··· SUPPLIED RECORDS ···

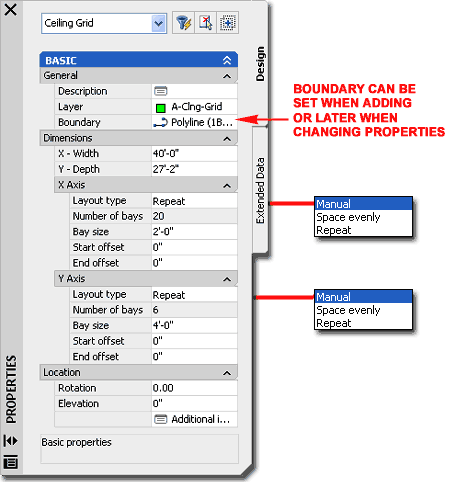 When Adding Ceiling Grids, the Properties Palette offers the option to set a Boundary and several options for spacing the grid lines. If you need to create a Ceiling Grid that is not evenly spaced, create the closest layout and modify it after placement. GENERAL
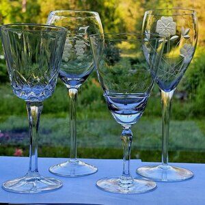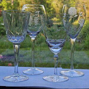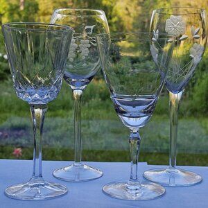 Mismatched Wine Glassware Collection set/4 vintage cut mixed cocktail glasses
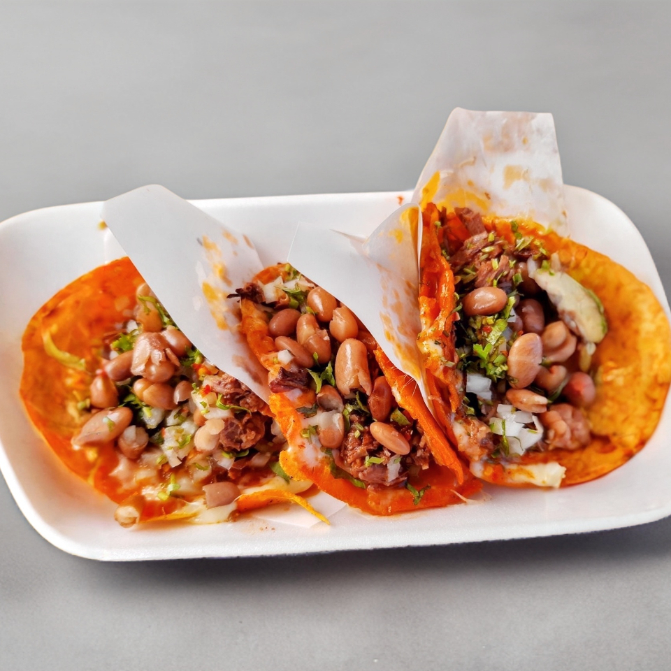 Cilantro, cebolla y frijol. Salsa aparte. Incluye un consomé de 8 oz.
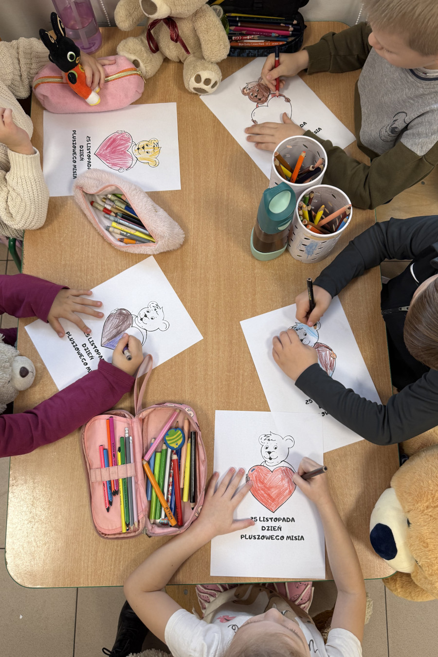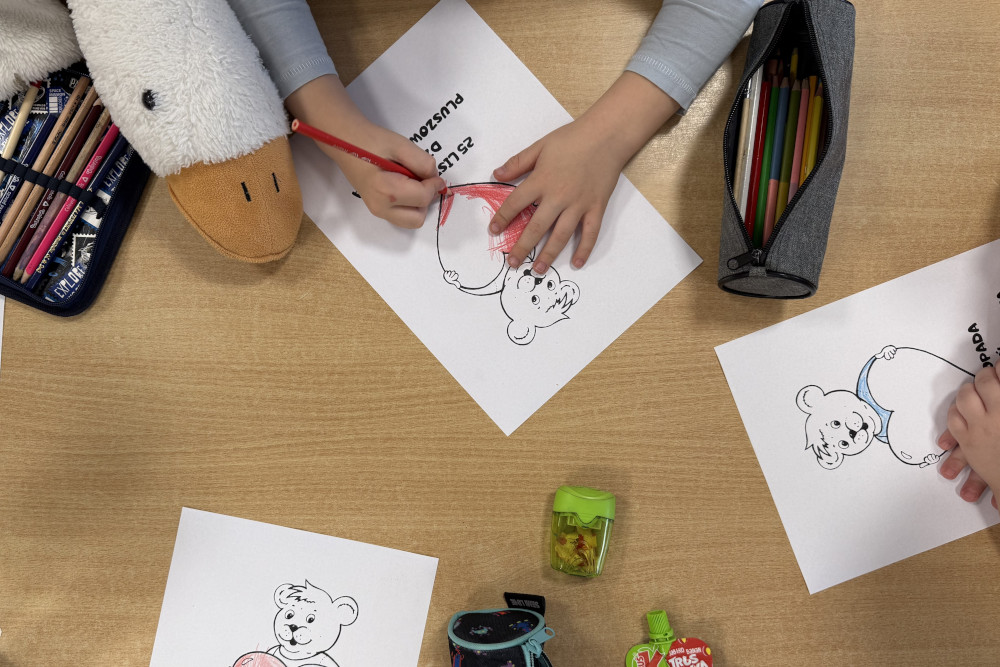 W części plastycznej każde dziecko wykonało portret misia. Powstały barwne i pomysłowe prace, które zostały zaprezentowane na klasowej wystawie. Dodatkową atrakcją było wspólne zdjęcie „z misiami”, które stanie się pamiątką tego wyjątkowego dnia.
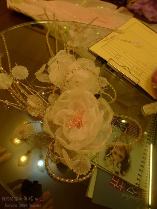 粉色禮服附件1: 兩朵很華麗的粉嫩花花,一個可用來放在腰側、
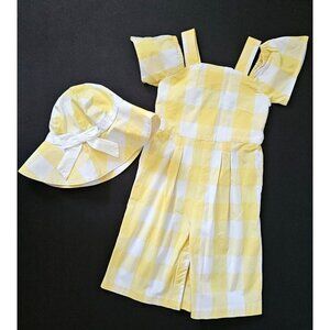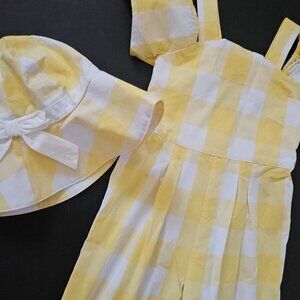 Janie and Jack 18-24 Sun Day Best Yellow PLaid Romper Hat Set
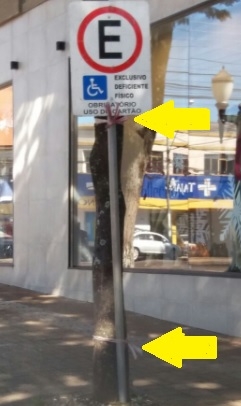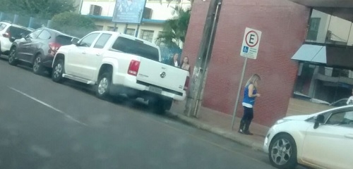 "Mau exemplo. Veículos, cujos condutores não são deficientes, param em vagas especiais, na hora de pegar os filhos na escola".
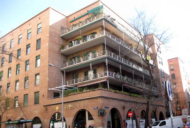 El edificio ocupa una manzana entre las calles de Hilarión Eslava, Rodríguez San Pedro, Gaztambide y Meléndez Valdés. Secundino Zuazo (1887-1971), maestro de la arquitectura racionalista y autor de trabajos como el Palacio de la Música de Gran Vía o los Nuevos Ministerios, recibió el encargo del Banco Hispano Colonial y proyectó para esta manzana completa de Chamberí el gran edificio de viviendas del primer tercio del siglo pasado madrileño, un verdadero hito en la historia de la arquitectura española. El bloque, de ladrillo rojo, se estructura en torno a tres patios interiores ajardinados, siendo el central el de mayor tamaño, y levanta dos cuerpos paralelos de cinco alturas, con las cajas de las escaleras dispuestas como puentes. Hay en total 288 viviendas de muy diferentes tipologías, todas ellas exteriores y con buena iluminación natural y ventilación, dentro de la corriente denominada higienista. En la planta baja se disponen arcadas neomudéjares, que coinciden con los soportales y escaparates de algunas tiendas. Además, Zuazo coloca en todos los balcones elementos para que los inquilinos cuelguen tiestos y macetas, lo que acabaría por bautizar como “La Casa de las Flores” el edificio, tal y como señala el propio Neruda en Confieso que he vivido:“Yo vivía en un barrio/ de Madrid, con campanas,/ con relojes, con árboles (…) Mi casa era llamada / la casa de las flores, porque por todas partes / estallaban geranios: era / una bella casa / con perros y chiquillos… (…)/ ¿Te acuerdas, Rafael? / Federico, ¿te acuerdas / debajo de la tierra, / te acuerdas de mi casa con balcones en donde / la luz de junio ahogaba flores en tu boca?”.

···

> **TASK DETAILS**: Copy back exactly the lines above from the one containing "Janie and Jack" through the one containing "exemplo. Veículos, cujos", and leave every picture behind.

> **EXERCISE OUTPUT**:
 Janie and Jack 18-24 Sun Day Best Yellow PLaid Romper Hat Set
 "Mau exemplo. Veículos, cujos condutores não são deficientes, param em vagas especiais, na hora de pegar os filhos na escola".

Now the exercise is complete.